The short workflow above takes these unstructured tags and drops them into a dedicated column. The final output looks like this:

 


(click on the image to see it in full size)

Conclusion

More advanced users will probably find ways to make this workflow more efficient and streamlined, but for newcomers to KNIME, it shows that you can easily build somewhat complex workflows without any coding or programming skills.

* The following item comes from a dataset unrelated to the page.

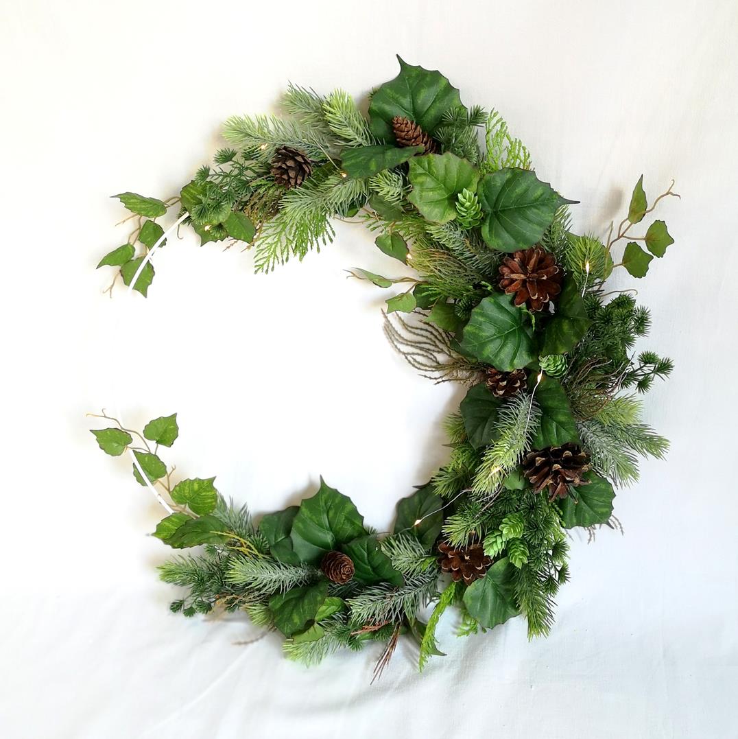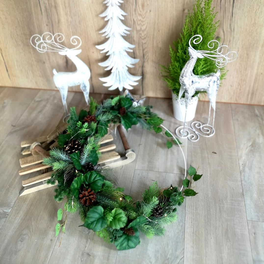 - nowoczesny wieniec świąteczny można owinąć lampkami led dzięki czemu cudownie doświetli pomieszczenie i nada mu świątecznego klimatu,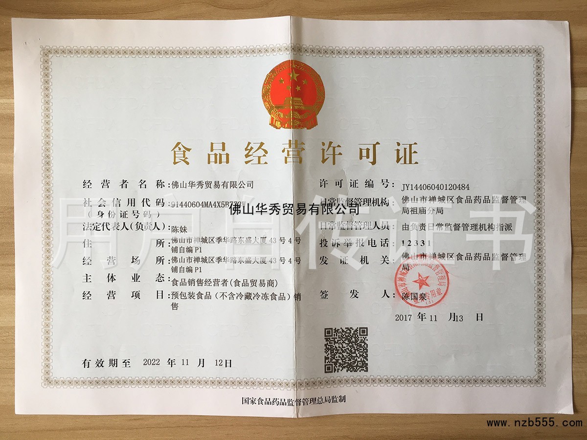 食品流通許可證(除乳制品、嬰幼兒配方乳粉、酒之外的流通許可證)

The workflow simply mimics the logic I wanted to create with small steps and processes (filter one column, inject its name as variable…). Then with various iterations I improved it and added functionalities (such as the Quickforms).

It also illustrates how useful KNIME can be for social scientists. In this example, I showed how to tag data in a table format, but the process can be easily adapted to mine large text documents such as PDF. And because the tagging list is fully customizable by the user, the process can save hours of research by simply identifying documents of interests by mining their contents.

Finally, this workflow is a good example of how a somewhat experienced KNIME user can help introduce the platform to a wider audience of potential users. A lot of social scientists have a difficult relationship with technology. They use computers every day, but often stick to their web browser, Word, PowerPoint, and, for the most adventurous, Excel. 
Creating out-of-the-box, easy-to-use processes is one way of drawing more of them to the beautiful world of advanced analytics.